A couple of months ago I was disappointed to find that a flapjack that I’d left in a frame pack on my bike in the garage had been part-eaten. I was pretty sure it was untouched when I left it there, and I don’t tend to bite through the wrapper when I eat them myself – so the only reasonable explanation seemed to be that it had been “mouse-masticated”, if I may employ a turn of phrase made popular by The Rutles. Or “rodently-chewed”, if you prefer.

I invested in one of these:

I loaded it with four AA batteries, baited it with a small piece of the same flapjack product, left it on the garage floor and switched it on. Sure enough when I returned to it the next day, the LED light was flashing to indicate that it had claimed a victim. The tail sticking out of the little door was a bit of a giveaway as well, to be fair.

I carefully disposed of the electrocuted rodent (a field mouse, I believe) and naively assumed I’d solved the rodent problem in my garage until earlier this month, when I found a pile of what looked like green plastic shavings on a shelf in there. I later realised that an attempt had been made to gain access to a bottle of Lucozade Sport on the same shelf, by nibbling the plastic cap.

I deployed the electronic trap again but also laid out two conventional traps on the floor, all baited with the same irresistible flapjack material. The next morning I was slightly alarmed to find that all three traps had done their deadly business. I had a trio of dead mice to dispose of.

Clearly the electronic trap works very well, but as you can see from the following photograph, which depicts the scene on my garage floor exactly as I found it – the rather less sophisticated mechanical traps seem to be just as quick and effective.

I do recommend these.
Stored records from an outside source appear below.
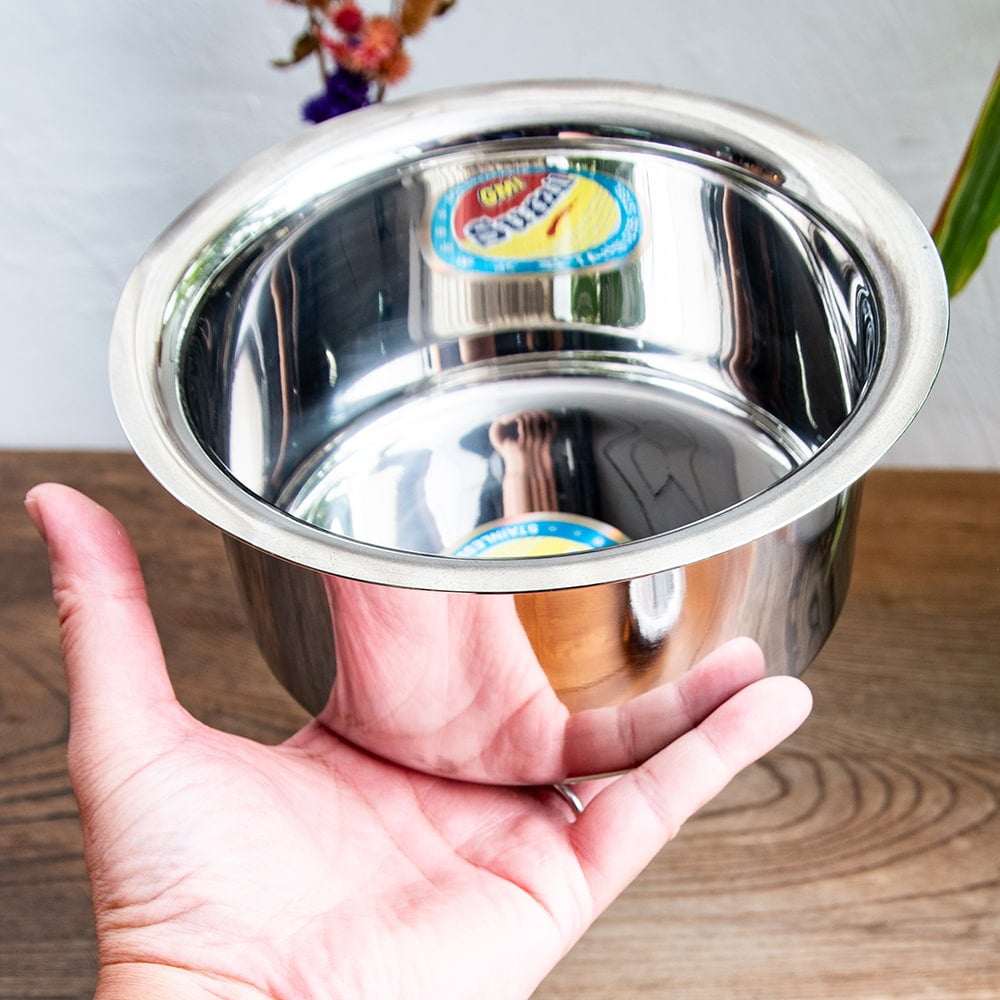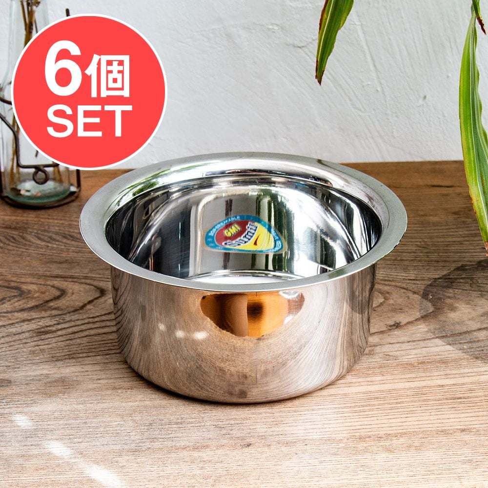 【6個セット】取っ手のないインドの鍋 バゴーナー パティラ 容量:1.3L程度 外径:約19cm ステンレス製 通販店
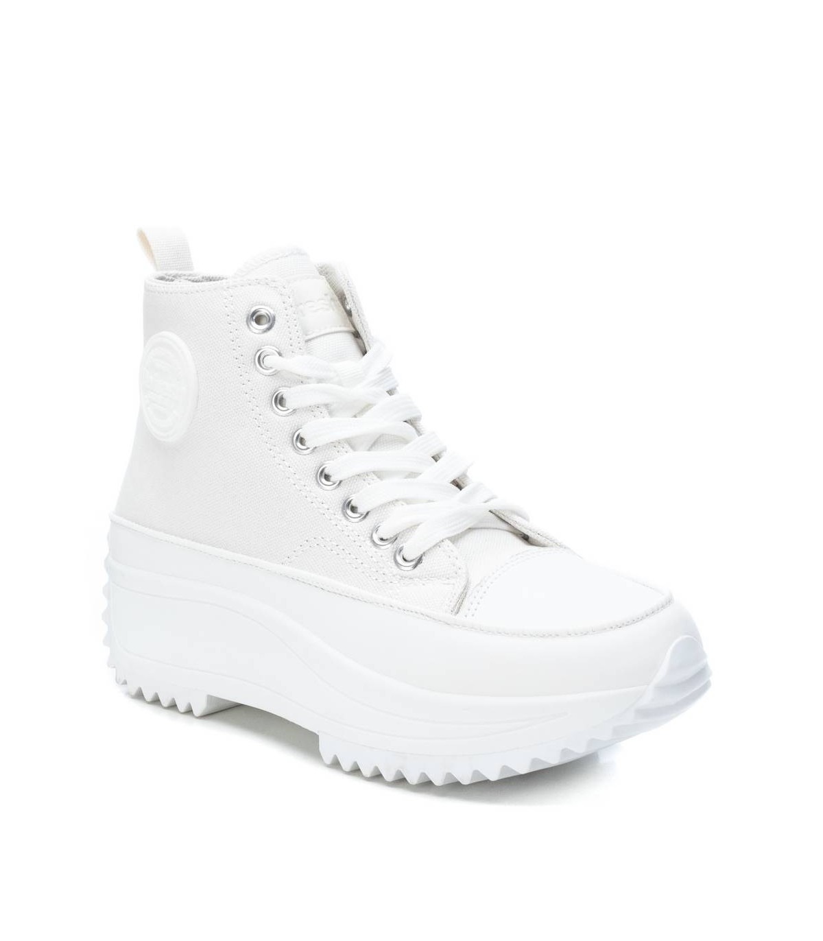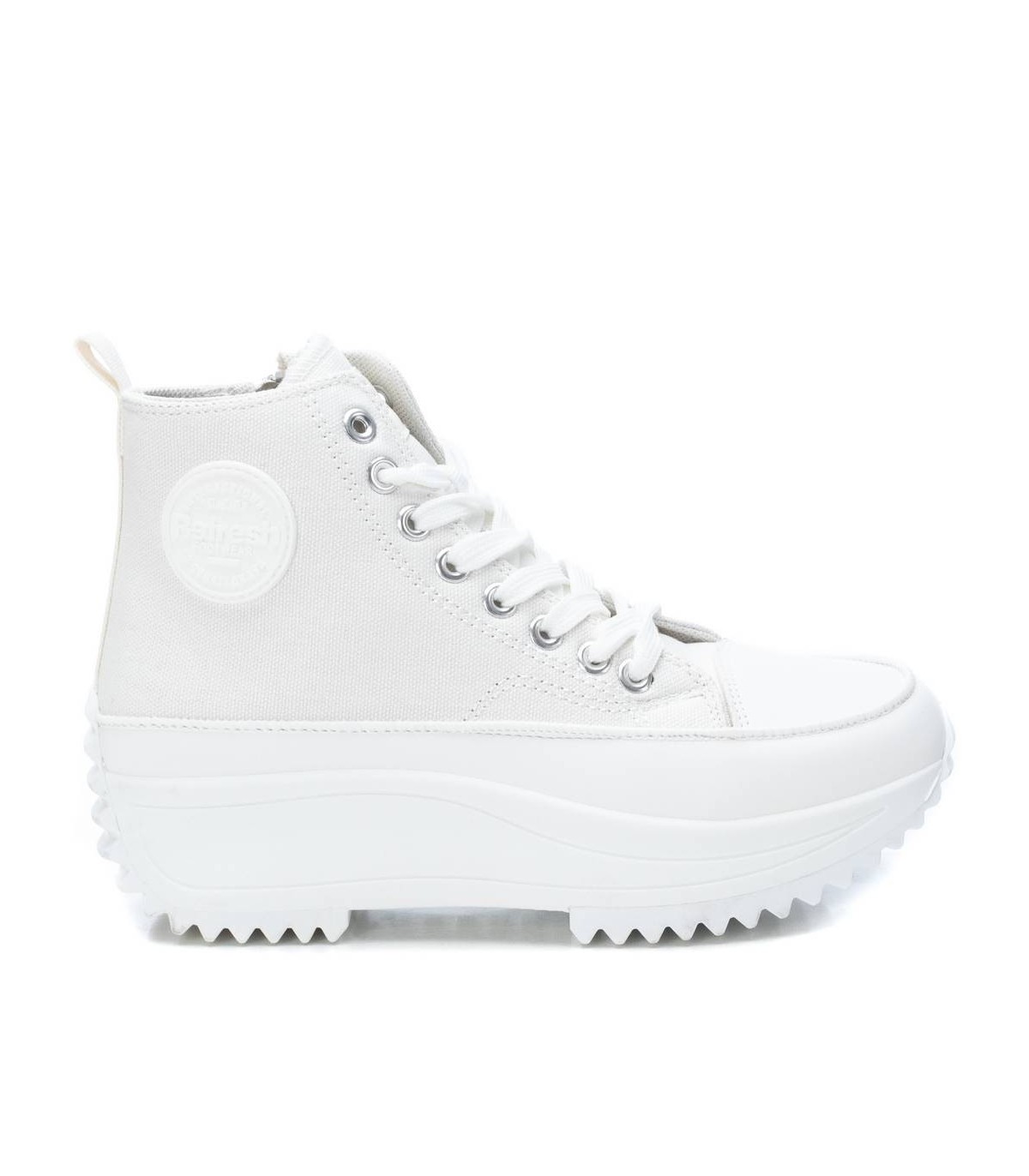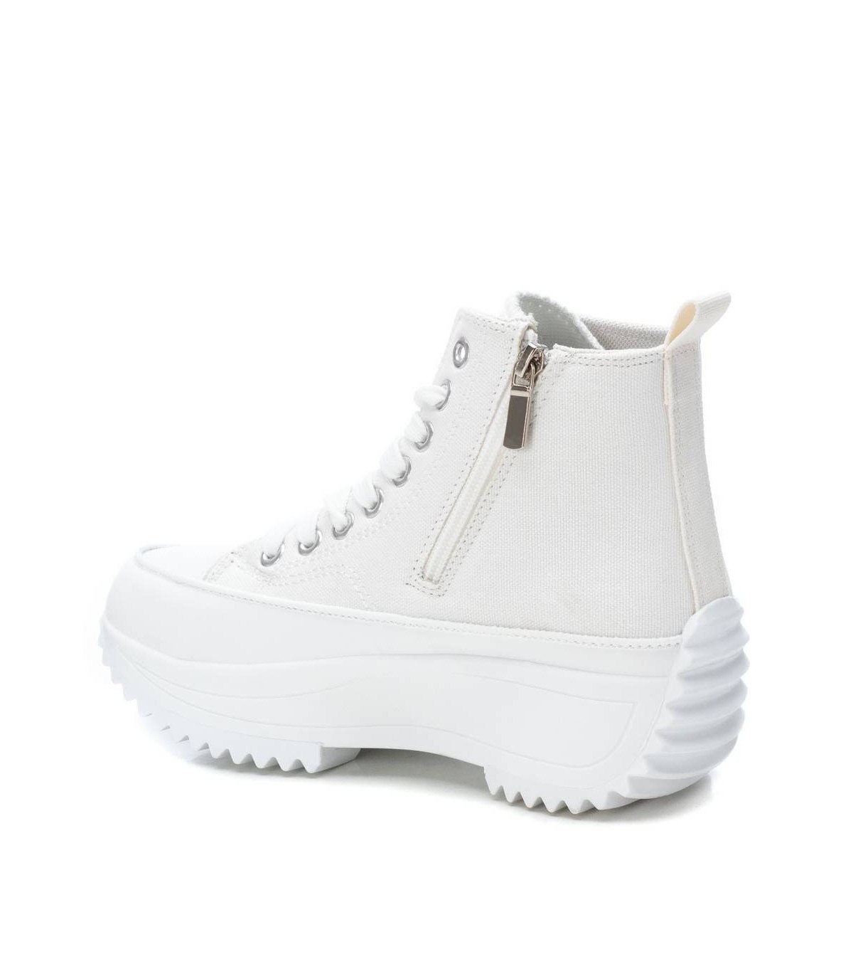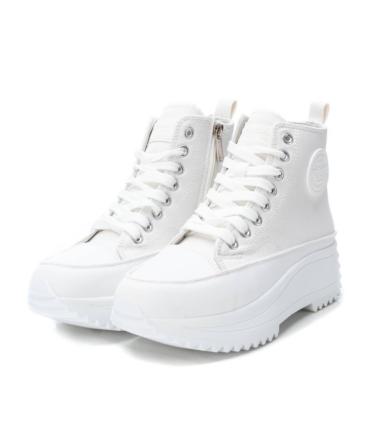 Zapatilla abotinada de mujer de la marca Refresh. Fabricada en lona, ideal para esta temporada. Cierre mediante cremallera lateral y cordones para un mayor ajuste. Tirador trasero para facilitar la puesta. Suela volumen de 5 cm con diseño dentado de goma antideslizante. Este modelo ha obtenido el certificado vegano por la organización mundial PETA (Organización de los derechos de los animales).
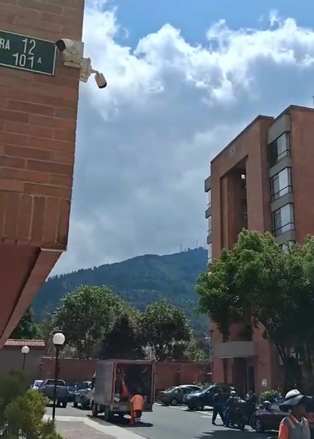n urban scene with a mix of residential buildings, trees, and street activity. The buildings are primarily made of red brick. A street sign indicates "Carrera 12, Calle 107A." There's a security camera mounted on the corner of one building. In the distance, a mountain can be seen under a sky with scattered clouds. Several people are working on or around a truck, wearing orange safety vests. A yellow taxi, with license plate "WMM 459", drives past. The taxi has "SERVICIO PUBLICO" written on its side. A person in a similar orange safety vest walks along the sidewalk. There are other parked cars and motorcycles along the street. The overall environment is a mix of urban and natural elements.
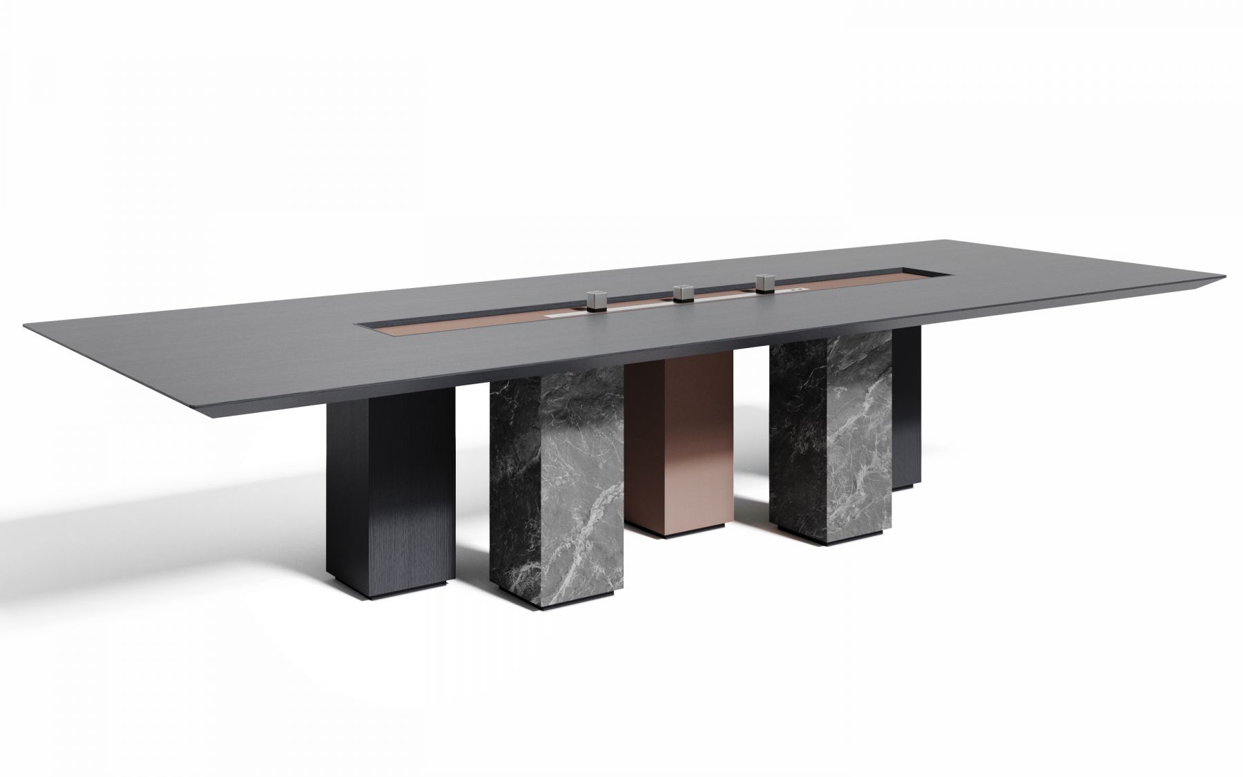 Кабинет руководителя Stone потрясающее эффектная, очень искусно созданная мебель современной стилистики. Мягкие, неброские оттенки, ясная линейная форма дополнены в ней необычными конструктивными приемами и легкими цветовыми акцентами. Необычные детали в дизайне столов и шкафов дополняют и обогащают целостность образа коллекции. Столы руководителя: Столешница толщиной 50 мм, с обратным скосом под углом 30 градусов, с покрытием rock board* + фиксированная кожаная накладка, опоры из стали с порошковым покрытием. Корпус опорной тумбы отделан шпоном дуба, тонированным в TA81 с "0% глянцевого лака. Фронтальная часть тумбы выполнена с покрытием rock board* Ящики тумбы оборудованы замком, работающим по отпечатку пальца. В тумбе - блок встроенных розеток, доступ к которым открывается за подвижной кожаной накладкой на магните, размещенной на столешнице. Опционно тумба оснащена подъемным столиком для ноутбука. Брифинг: Столешница - с отделкой искусственным камнем. У брифинга под стол с отделкой шпоном TA81 цвет опоры "антрацит" TA16. Стол переговоров: выполнен на мощной тумбе с отделкой искусственным камнем. Вторая опора - отделка шпоном. Столешница стола - шпон. Толщина столешницы 50 мм, коммуникационный блок оснащен шиной питания длиной 1 м (1 USB, 1 телефон, 1 сетевая, 1 HD) с 2 круглыми розетками + 1 USB, а нижняя часть стола оснащена пазом для проводов; Шкафы: Фасады шкафов изготовлены с отделкой rock board*. В шкафу-гардеробе, в центральной нише выполнена ниша с вешалками под одежду средней длины. По краям шкафа размещена светодиодная подсветка c t свечения 4000K, которая включается при движении дверей в центр композиции. Фурнитура Haifule, акрил толщиной 10 мм, в качестве разделителей в полках, натуральный шпон дуба, тонированный в цв. TA81, особая фурнитура для раздвижных дверей. Греденция: Фасад - искусственный камень. Боковины и топ - шпон, остальные поверхности МДФ. Фурнитура Haifule. Подсветка FS-5593 (4000K) + трансформатор + пульт управления. *Rock board: Высококачественный текстурный меламин с 3D печатью и горячим прессованием с обработкой смолой для придания эффекта "каменного шпона". Выполняется синхронное прижатие прецизионных штампов с рисунком, точно повторяющим картинку печати. В результате получается очень прочная поверхность с износостойким, антивандальным покрытием.

They’re very sensitive and seem to dispatch their victims quite quickly – and the right-angled sprung bar means that you don’t have to touch the dead mice when you bin them. The bait goes into a sort of recessed cup that forces the mouse to activate a trigger flap surrounding it when they try to get it.

I was encouraged to see that both traps had whacked the mice right across the back of the neck. It must have been pretty quick. Assuming they’re consistently as effective as this I can’t see the point of buying an electronic one, really.

I’ve re-armed the traps and left them ready to do their lethal work for a few days now, but they haven’t done so. It looks like I got them all.

When I lived in a flat in London in the ’90s I had to deal with a mouse problem, and I bought a humane, non-lethal trap. I entered my kitchen late one evening to find that it had been “sprung” – its little door had snapped shut, which I assumed meant that I’d caught a mouse. I drove the trap to a wooded area a few miles away but when I came to release my little visitor, I found that the trap was empty. At one time I never would have used a lethal trap but now it just seems to me to be the easiest solution for everyone concerned, probably including the mice.